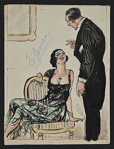 La seduttrice è un disegno originale ad acquerello e inchiostro su carta color avorio, realizzato negli anni '20 da Luigi Bompard (1879-1953). Firmato a mano a penna sul margine inferiore. In buone condizioni, tranne qualche foxing. L'opera è raffigurato attraverso tratti morbidi con colori armoniosi e delicati attraverso tratti abili e in una composizione ben equilibrata. Le figure sono create con maestria nella scena.
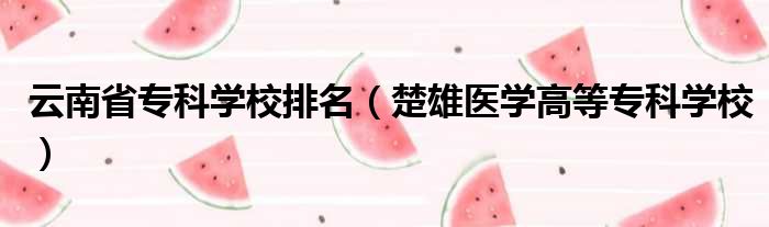 导读 大家好,小活来为大家解答以上的问题。云南省专科学校排名,楚雄医学高等专科学校这个很多人还不知道,现在让我们一起来看看吧!1、医疗保险
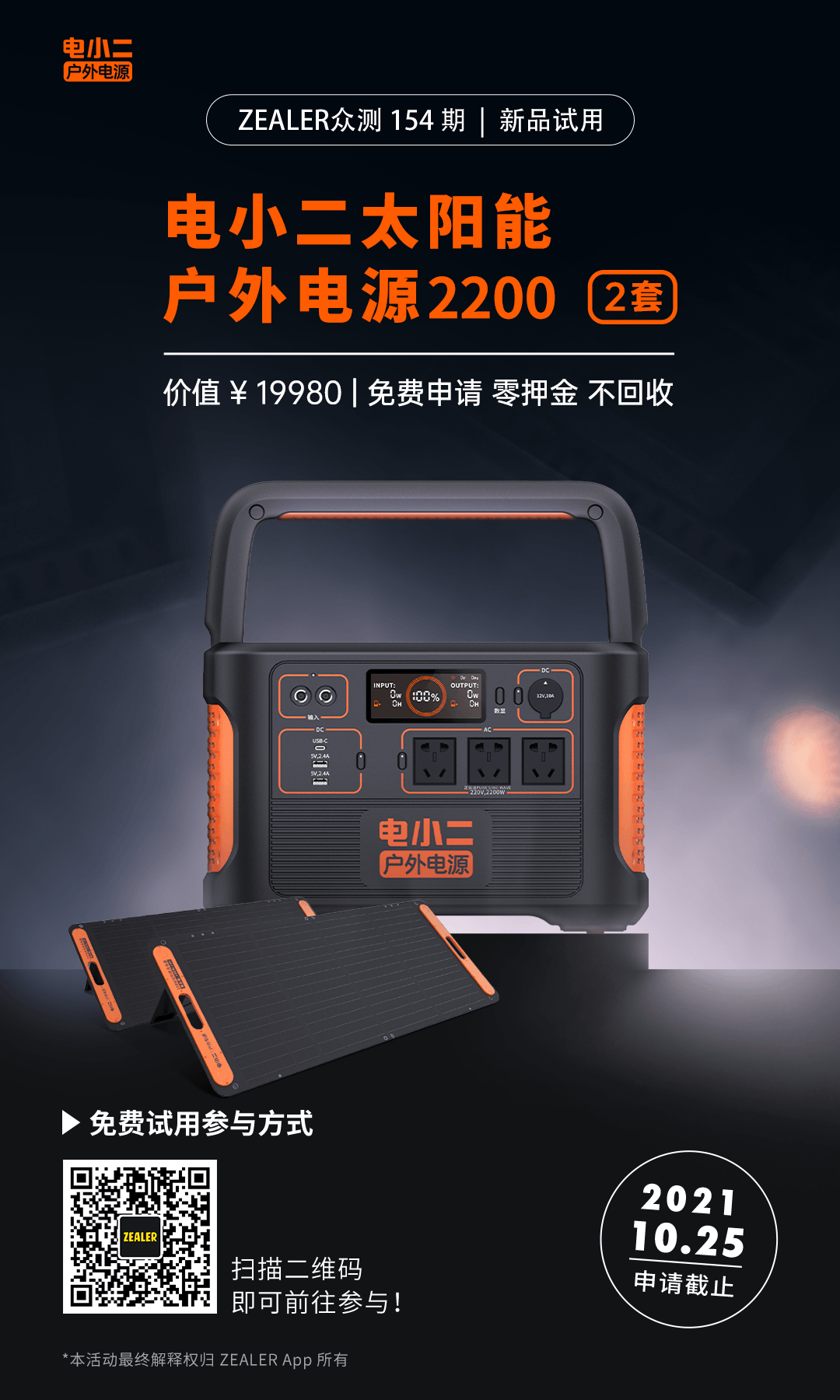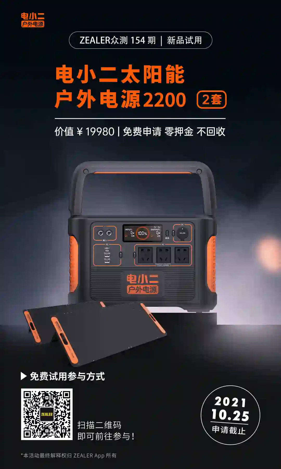 电小二太阳能户外电源2200 现已上线 ZEALER 众测,扫描文章顶部图片中二维码或戳文章底部左下角「阅读原文」即可前往参与本次众测活动。
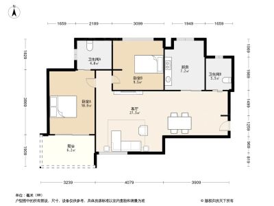 2室2厅 123.92平 南
■ ■ ■ ■ ■
*WHAT TO DO*: Wherever a picture appears in the material above, skip it and copy the rest without change.

*WRITTEN RESPONSE*:
 La seduttrice è un disegno originale ad acquerello e inchiostro su carta color avorio, realizzato negli anni '20 da Luigi Bompard (1879-1953). Firmato a mano a penna sul margine inferiore. In buone condizioni, tranne qualche foxing. L'opera è raffigurato attraverso tratti morbidi con colori armoniosi e delicati attraverso tratti abili e in una composizione ben equilibrata. Le figure sono create con maestria nella scena.
 导读 大家好,小活来为大家解答以上的问题。云南省专科学校排名,楚雄医学高等专科学校这个很多人还不知道,现在让我们一起来看看吧!1、医疗保险
 电小二太阳能户外电源2200 现已上线 ZEALER 众测,扫描文章顶部图片中二维码或戳文章底部左下角「阅读原文」即可前往参与本次众测活动。
 2室2厅 123.92平 南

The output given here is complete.